Длинные пальцы аббата сложились в замок на впалом животе:
– Человек блестящих дарований и… мой искренний друг. Будучи высокого происхождения, князь Антиох не имеет родственных корней средь русской знати. Его корни там… в Молдавии, откуда вывезли его ребенком! Да, он помогает мне в расстановке невода, хотя и далек от слияния наших церквей. Это ум для ума, слова ради слов, но… где же дело? Сейчас Кантемир переводит для меня благочестивые сочинения Сорбонны на язык московитов. Дружба со мною не мешает ему дружить и с Феофаном Прокоповичем…
После чего разговор двух иезуитов снова вернулся в прежнее русло – они заговорили о Долгоруких. По их мнению, князья Долгорукие вскоре обязательно должны повторить попытку князя Меншикова.

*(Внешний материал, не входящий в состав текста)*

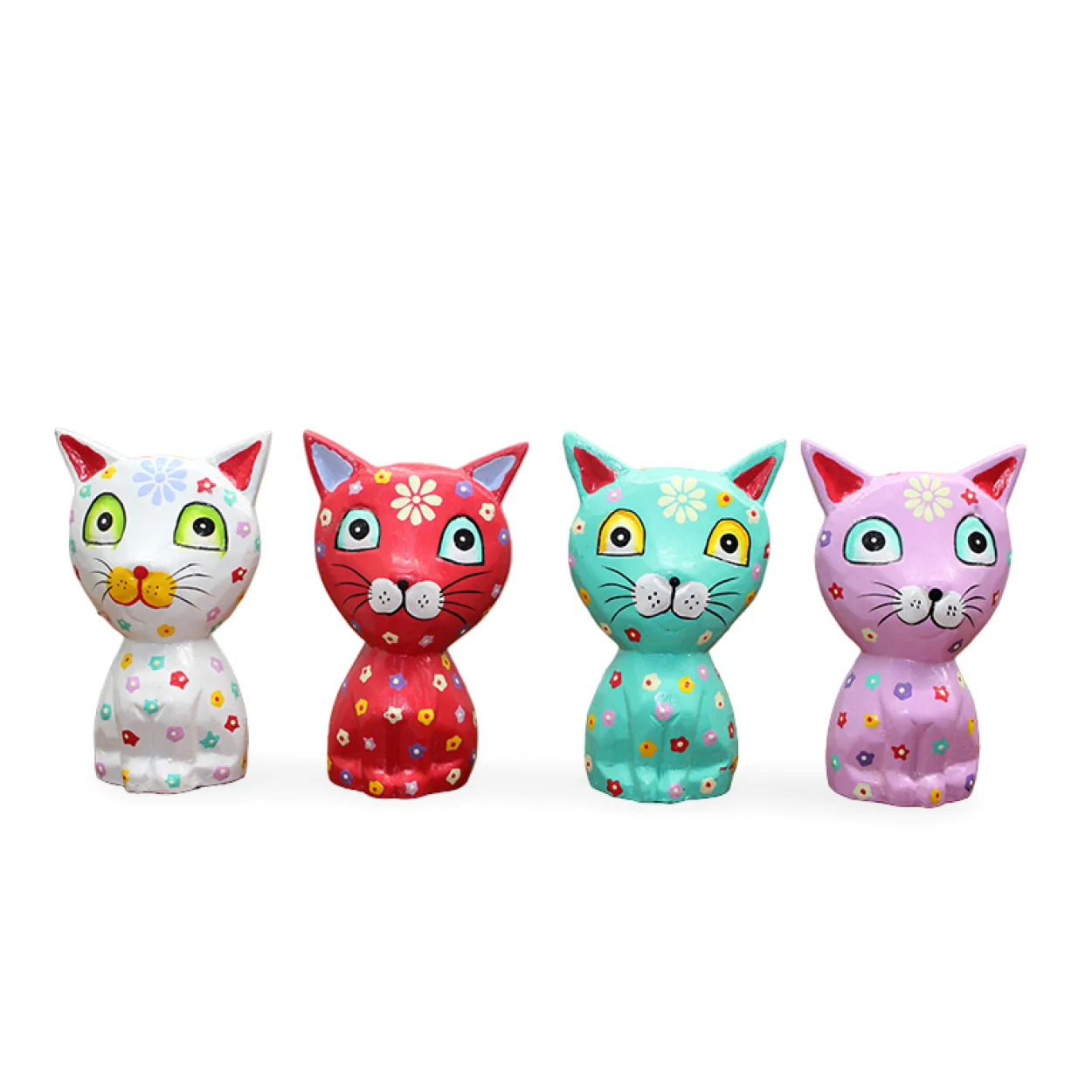Rengarenk El Yapımı Ahşap Kedi Biblo: Sevimli Dekoratif Bir Figür ile Evinizi Canlandırın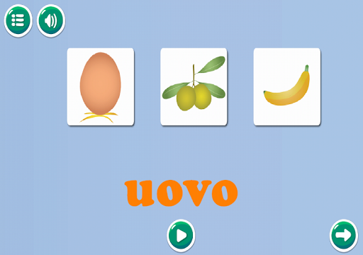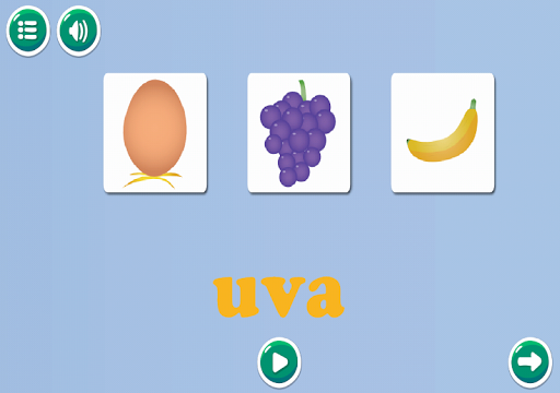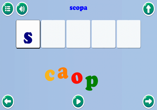 Al primo livello il bambino dovrà posizionare le lettere della parola nella posizione corretta trascinando le lettere al posto giusto. Completando con successo il compito apparirà l'immagine corrispondente alla parola.
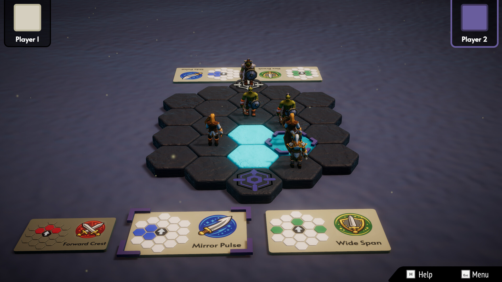 Two players face off on a board with a small set of units.

– Дядька царя, – пророчил Жюббе, – наверняка подведет свою дочь Екатерину под царскую корону… То, чего не удалось свершить прегордому Голиафу – Меншикову, то удастся Долгоруким!

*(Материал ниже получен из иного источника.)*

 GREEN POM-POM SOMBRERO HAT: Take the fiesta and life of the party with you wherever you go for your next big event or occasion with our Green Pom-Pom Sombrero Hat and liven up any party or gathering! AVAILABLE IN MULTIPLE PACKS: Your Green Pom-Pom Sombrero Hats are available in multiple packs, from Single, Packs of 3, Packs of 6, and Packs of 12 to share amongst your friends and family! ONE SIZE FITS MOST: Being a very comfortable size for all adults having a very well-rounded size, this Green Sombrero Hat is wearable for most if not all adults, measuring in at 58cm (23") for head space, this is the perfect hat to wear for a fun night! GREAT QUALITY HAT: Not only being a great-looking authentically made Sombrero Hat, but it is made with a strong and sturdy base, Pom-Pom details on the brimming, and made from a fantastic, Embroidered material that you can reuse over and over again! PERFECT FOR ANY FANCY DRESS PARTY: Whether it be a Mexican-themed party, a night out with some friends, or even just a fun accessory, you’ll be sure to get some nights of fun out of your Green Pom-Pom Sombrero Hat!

– А вас не пугает, аббат, что у русского царя есть соперник? Княжна Екатерина пылко влюблена в имперского графа Миллезимо.
– Только одно мое слово послу Вены, – ответил Жюббе, – и этого цесарца не будет в Москве завтра же. Никто не смеет мешать великому Риму, а нашей церкви выгоден этот брак – брак Долгорукой с императором… Впрочем, – слегка нахмурился Жюббе, – в этой варварской стране молнии иногда разят среди ясного неба, и един всевышний ведает судьбы людские!
Герцог де Лириа встал, и «золотой телец» долго еще качался на его груди, подобно маятнику. На прощание Жюббе подарил ему пачку благовонных бумажек.
– Откуда это у вас, аббат? – удивился посол.
И в ответ ему тонко усмехнулся аббат Жюббе-Лакур:
– Не проговоритесь Риму о моем кощунстве, но Московию я почитаю центром вселенной. Отсюда, из дома Гваскони, мои руки уже протянуты к Шемахе, они бесшумно отворили ворота Небесной империи и даже… Откуда, вы думаете, эти душистые бумажки?
Де Лириа глубоко вдохнул в себя благовонный дым:
– Не могу поверить… Неужели из Тибета?
– Вы угадали, герцог. Солдаты Иисуса сладчайшего уже взошли с крестом божиим на вершины гор загадочного Тибета… Нет путей в мир Востока иных, нежели путь через Москву.
Аминь!
…
А за Яузой, что бежала под снегом, в оголенных кустах боярышника и берсеня, уже припекало солнышко…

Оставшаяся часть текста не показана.